## WORK TO BE COMPLETED
Excluding pictures, retype exactly the lines from the one with "जेटली का निधन" through the end of the records that follow.
-- SUPPLIED RECORDS follows --
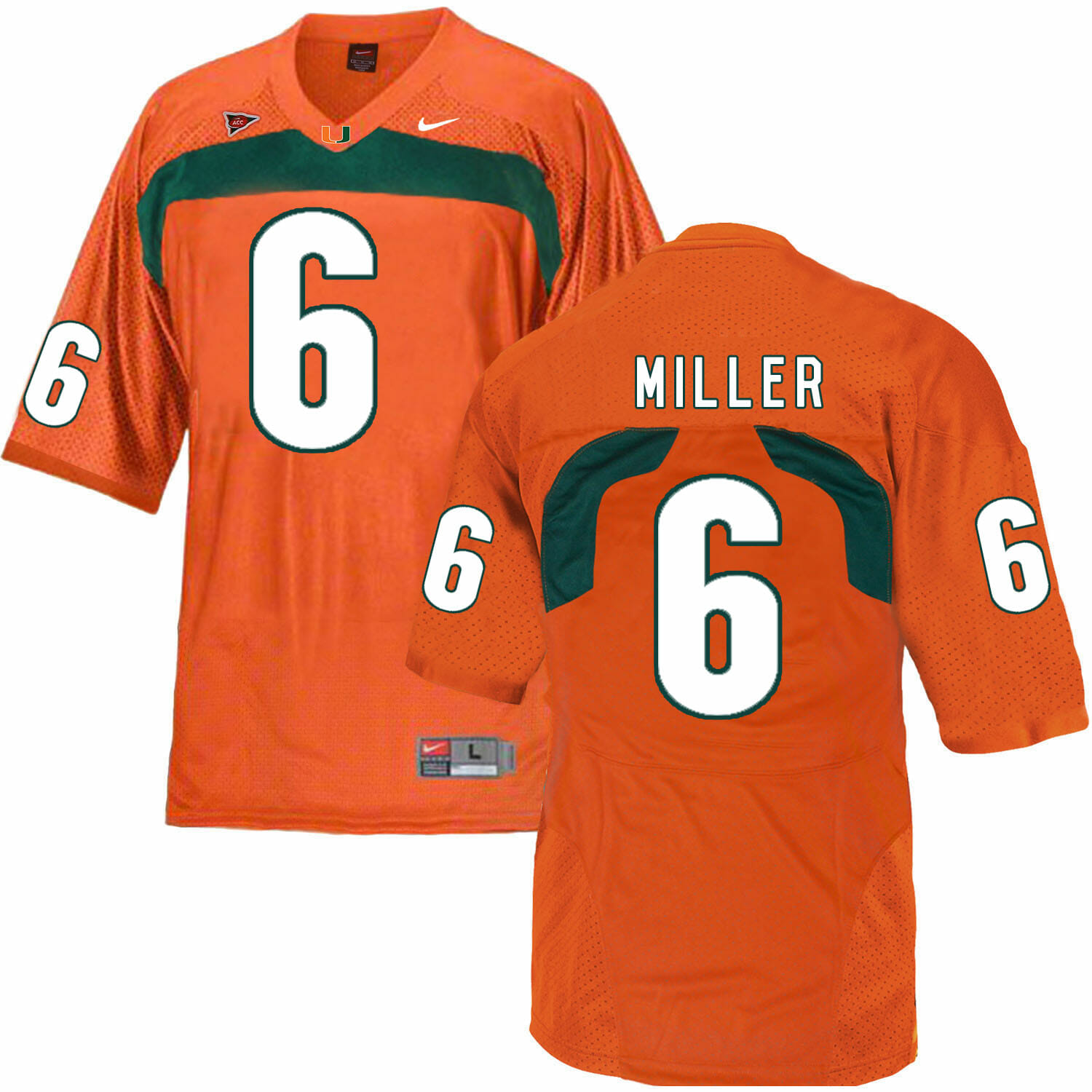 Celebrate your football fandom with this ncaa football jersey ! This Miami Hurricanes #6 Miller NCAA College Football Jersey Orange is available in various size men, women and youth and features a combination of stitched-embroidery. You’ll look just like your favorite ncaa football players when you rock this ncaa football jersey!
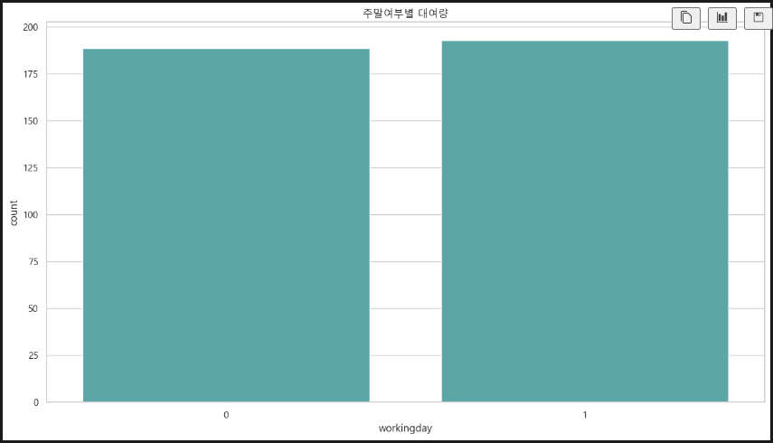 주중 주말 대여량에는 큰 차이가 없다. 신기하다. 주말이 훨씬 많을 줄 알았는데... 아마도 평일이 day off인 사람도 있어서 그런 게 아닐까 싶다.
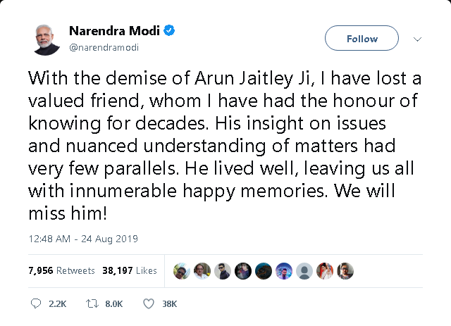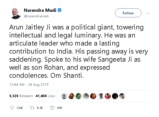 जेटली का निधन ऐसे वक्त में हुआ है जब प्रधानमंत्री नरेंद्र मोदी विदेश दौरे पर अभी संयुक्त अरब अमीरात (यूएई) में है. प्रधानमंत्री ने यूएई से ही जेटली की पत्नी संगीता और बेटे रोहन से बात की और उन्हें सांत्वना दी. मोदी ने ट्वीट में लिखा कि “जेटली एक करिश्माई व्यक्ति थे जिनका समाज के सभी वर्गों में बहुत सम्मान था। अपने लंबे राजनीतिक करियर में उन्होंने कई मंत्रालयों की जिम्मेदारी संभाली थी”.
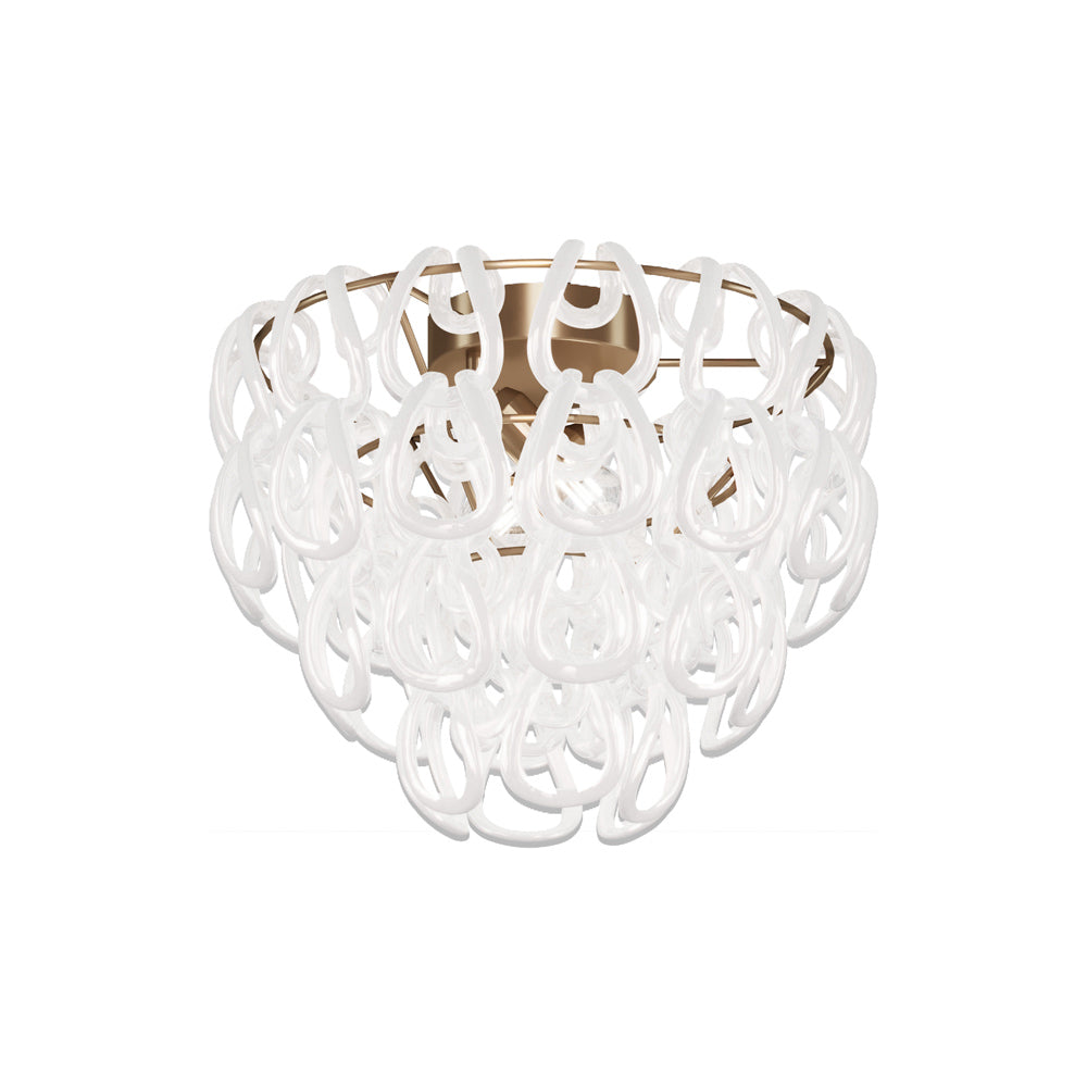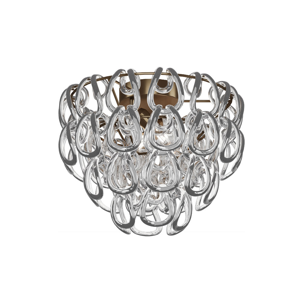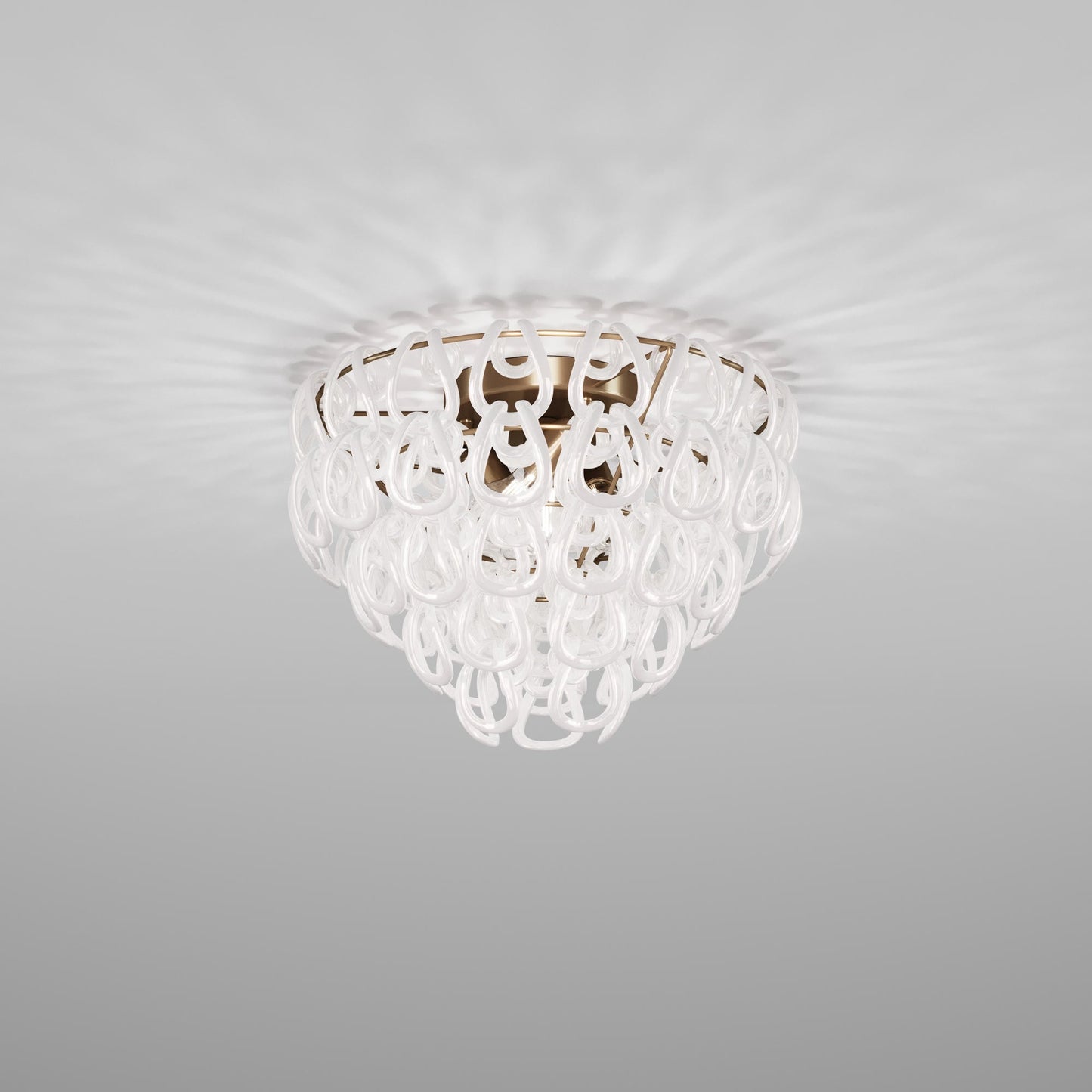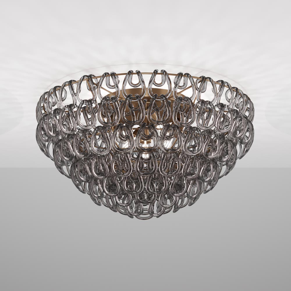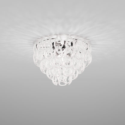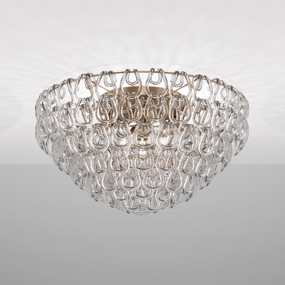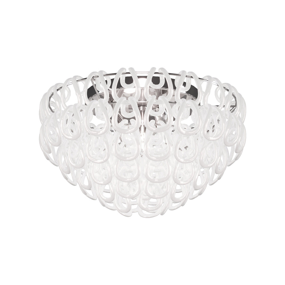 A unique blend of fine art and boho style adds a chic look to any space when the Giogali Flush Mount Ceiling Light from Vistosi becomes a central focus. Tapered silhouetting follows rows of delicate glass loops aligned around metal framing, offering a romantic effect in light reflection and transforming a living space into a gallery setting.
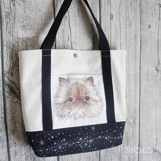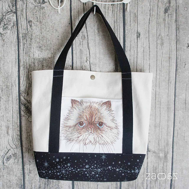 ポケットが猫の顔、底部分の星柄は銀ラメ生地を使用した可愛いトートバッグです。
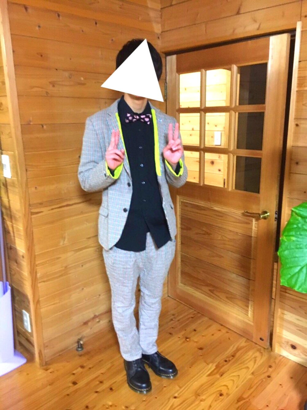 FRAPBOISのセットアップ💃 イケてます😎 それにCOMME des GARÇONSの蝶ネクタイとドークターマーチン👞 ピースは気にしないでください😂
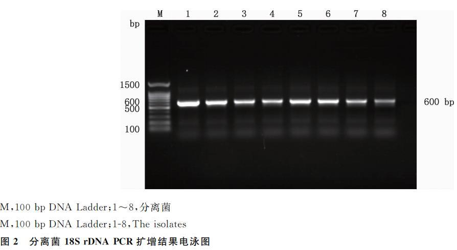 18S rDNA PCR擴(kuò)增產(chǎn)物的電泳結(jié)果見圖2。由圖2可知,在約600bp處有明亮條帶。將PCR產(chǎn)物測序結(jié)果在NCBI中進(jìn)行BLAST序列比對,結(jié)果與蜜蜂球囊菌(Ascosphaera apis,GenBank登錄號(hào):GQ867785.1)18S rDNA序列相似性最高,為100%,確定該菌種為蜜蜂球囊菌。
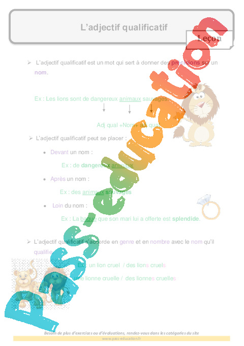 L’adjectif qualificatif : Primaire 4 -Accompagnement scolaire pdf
-- SUPPLIED RECORDS concluded --
## REPLY
 जेटली का निधन ऐसे वक्त में हुआ है जब प्रधानमंत्री नरेंद्र मोदी विदेश दौरे पर अभी संयुक्त अरब अमीरात (यूएई) में है. प्रधानमंत्री ने यूएई से ही जेटली की पत्नी संगीता और बेटे रोहन से बात की और उन्हें सांत्वना दी. मोदी ने ट्वीट में लिखा कि “जेटली एक करिश्माई व्यक्ति थे जिनका समाज के सभी वर्गों में बहुत सम्मान था। अपने लंबे राजनीतिक करियर में उन्होंने कई मंत्रालयों की जिम्मेदारी संभाली थी”.
 A unique blend of fine art and boho style adds a chic look to any space when the Giogali Flush Mount Ceiling Light from Vistosi becomes a central focus. Tapered silhouetting follows rows of delicate glass loops aligned around metal framing, offering a romantic effect in light reflection and transforming a living space into a gallery setting.
 ポケットが猫の顔、底部分の星柄は銀ラメ生地を使用した可愛いトートバッグです。
 FRAPBOISのセットアップ💃 イケてます😎 それにCOMME des GARÇONSの蝶ネクタイとドークターマーチン👞 ピースは気にしないでください😂
 18S rDNA PCR擴(kuò)增產(chǎn)物的電泳結(jié)果見圖2。由圖2可知,在約600bp處有明亮條帶。將PCR產(chǎn)物測序結(jié)果在NCBI中進(jìn)行BLAST序列比對,結(jié)果與蜜蜂球囊菌(Ascosphaera apis,GenBank登錄號(hào):GQ867785.1)18S rDNA序列相似性最高,為100%,確定該菌種為蜜蜂球囊菌。
 L’adjectif qualificatif : Primaire 4 -Accompagnement scolaire pdf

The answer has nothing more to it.